File: Single_Nucleotide_Polymorphisms_Matrix.fas
This is a standard FASTA file containing SNP sequence data.
- Content: It contains aligned SNP loci from a total of 17 individuals, including three previously described species and two newly described species in the associated study.
- Format: Each sequence entry begins with a header line starting with a
>character, followed by the individual identifier (e.g.,>Sample_ID_01). The subsequent lines contain the nucleotide sequence for that individual. - Correspondence: All individual identifiers in the header lines correspond one-to-one with the numbering used in the paper.
- Bioinformatics: This file is the product of a variant calling pipeline against the Primula veris reference genome, filtered to retain 150,248 high-quality SNP loci.
Usage Notes:
- For detailed descriptions of the methodologies used to collect morphological data and generate the SNP matrix, please see the Methods section of this dataset deposit.
Morphological Data Acquisition:
Thirty flowering individuals, with a minimum interval of two meters between any two, were randomly selected from each wild population for morphological observation. A single, moderately sized leaf was collected from each plant. Each leaf was photographed indoors on a black light-absorbing cloth with a scale bar for reference. A total of ten leaf morphological traits (Leaf Area, Leaf Perimeter, Leaf Shape Index, Leaf Length, Leaf Width, Petiole Length, Petiole Ratio, Primary Lobes Number, Total Serrations Number, Lateral Veins Number) were measured and counted from these digital images using ImageJ software (v. 1.54d). Six floral traits (Inflorescence Height, Pedicel Length, Bract Length, Calyx Tube Length) were measured in the field using a vernier caliper. The presence of nectar guides (coded as: 0 = absent, 1 = present) and throat color (coded as: 0 = white, 1 = purple) were also recorded for each individual.

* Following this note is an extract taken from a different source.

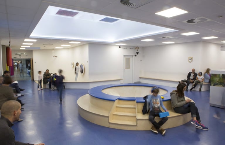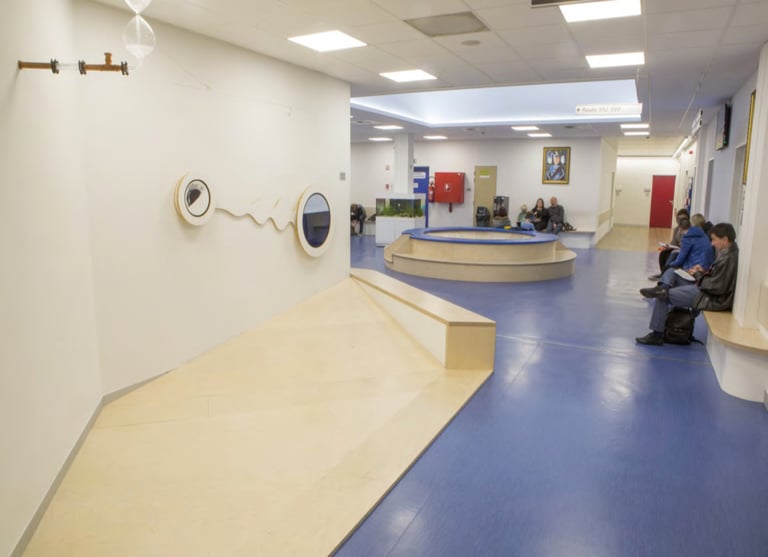 Salle d'attentes hôpital UZ. Collab Recyclart Fabrik - Madam architecte

Genomic SNP Data Acquisition and Bioinformatics:
Genomic DNA was extracted from silica-gel-dried leaf tissue using a modified CTAB (cetyltrimethylammonium bromide) protocol. DNA quality and concentration were assessed using a NanoDrop 1000 Spectrophotometer and agarose gel electrophoresis. Library preparation, genome skimming (low-coverage whole-genome sequencing), and initial quality control (FastQC) were performed by Wuhan Frasergen Genetic Information Co., Ltd. (Wuhan, China) on an Illumina HiSeq 6000 platform. Approximately 3 Gb of raw paired-end sequencing data (150 bp) was generated per sample.
Raw sequencing reads were processed with SOAPnuke (v.2.1.7) to remove adapters and low-quality reads, producing clean reads. These clean reads were then aligned to the Primula veris reference genome using BWA-MEM (v.0.7.17-r1188) with default parameters. The resulting Sequence Alignment/Map (SAM) files were converted to Binary Alignment/Map (BAM) format, sorted, and processed with Picard-tools (https://broadinstitute.github.io/picard/) to mark and remove PCR duplicates. Mapping statistics (e.g., mapping rate, coverage depth) were calculated using SAMtools (v.1.9). Variant calling was performed on all samples simultaneously using the HaplotypeCaller tool in GATK (v.4.0). The initial raw SNP set was rigorously filtered using PLINK (v.1.07) with the following thresholds: a minor allele frequency (MAF) > 0.05, a call rate > 0.95, and pruning for linkage disequilibrium (LD). This process resulted in a final high-quality dataset of 150,248 independent SNP loci retained for downstream phylogenetic and population genetic structure analysis.